--- START ---
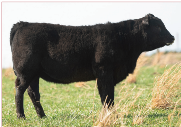
FOF Lucy 01N / Lot 14
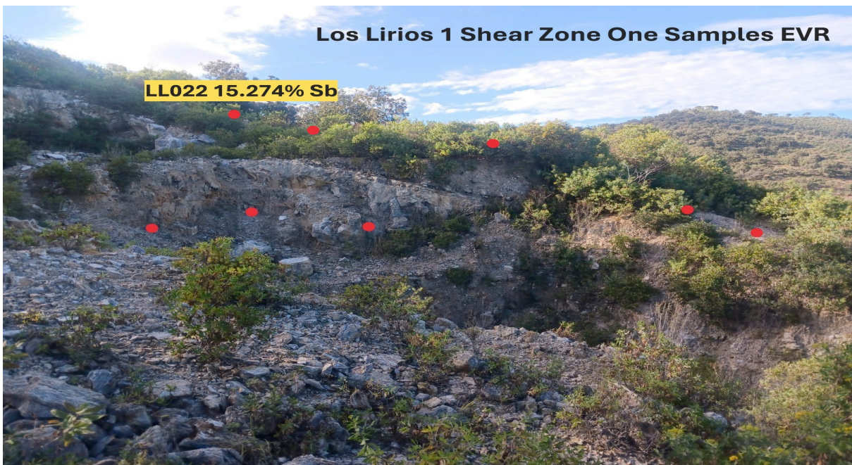
Photo 2 – Locations of Shear Zone One Samples at Los Lirios (red dots)

A further sample LL-022 taken from Shear Zone 1 at Los Lirios 3 returned an assay of 15.27% Sb . Further assay results are awaited.
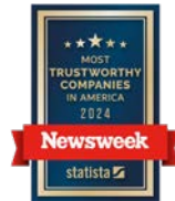
Most Trustworthy Companies in America 2024
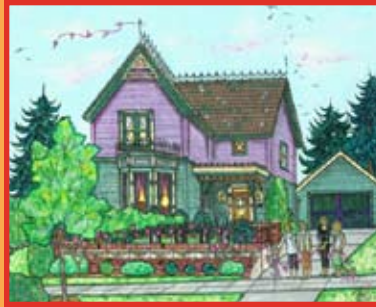
Pretty Purple Palace (Allen House)
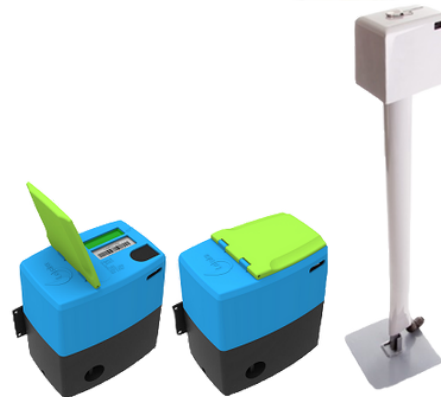
PRODUCT CODE: STP-WMM
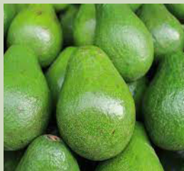
Jumbo Avocado 4 / 10 kg box
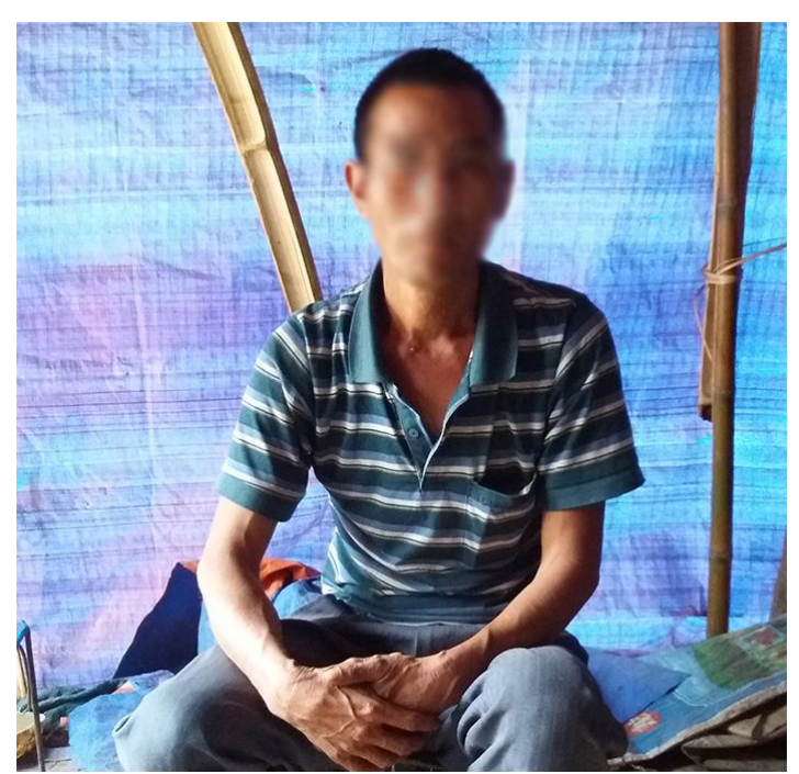
Kokang villager tortured by Burma Army troops

They kept me locked in a room by myself. I was put in leg irons. Every day a couple of soldiers came and asked me: Did you meet Kokang soldiers? Are you a member? Where are the soldiers? Each time I said I knew nothing. Each time, they hit me, sometimes with their fist, and sometimes with a rifle butt. Some days I passed out, and blood poured from my nose.
--- END ---
**PROMPT**. Restate word for word the lines above that start at the line containing "A further sample" and run to the end of the listing; exclude the pictures.

**ANSWER TO THE EXERCISE**.
A further sample LL-022 taken from Shear Zone 1 at Los Lirios 3 returned an assay of 15.27% Sb . Further assay results are awaited.
Most Trustworthy Companies in America 2024
Pretty Purple Palace (Allen House)
PRODUCT CODE: STP-WMM
Jumbo Avocado 4 / 10 kg box
Kokang villager tortured by Burma Army troops

They kept me locked in a room by myself. I was put in leg irons. Every day a couple of soldiers came and asked me: Did you meet Kokang soldiers? Are you a member? Where are the soldiers? Each time I said I knew nothing. Each time, they hit me, sometimes with their fist, and sometimes with a rifle butt. Some days I passed out, and blood poured from my nose.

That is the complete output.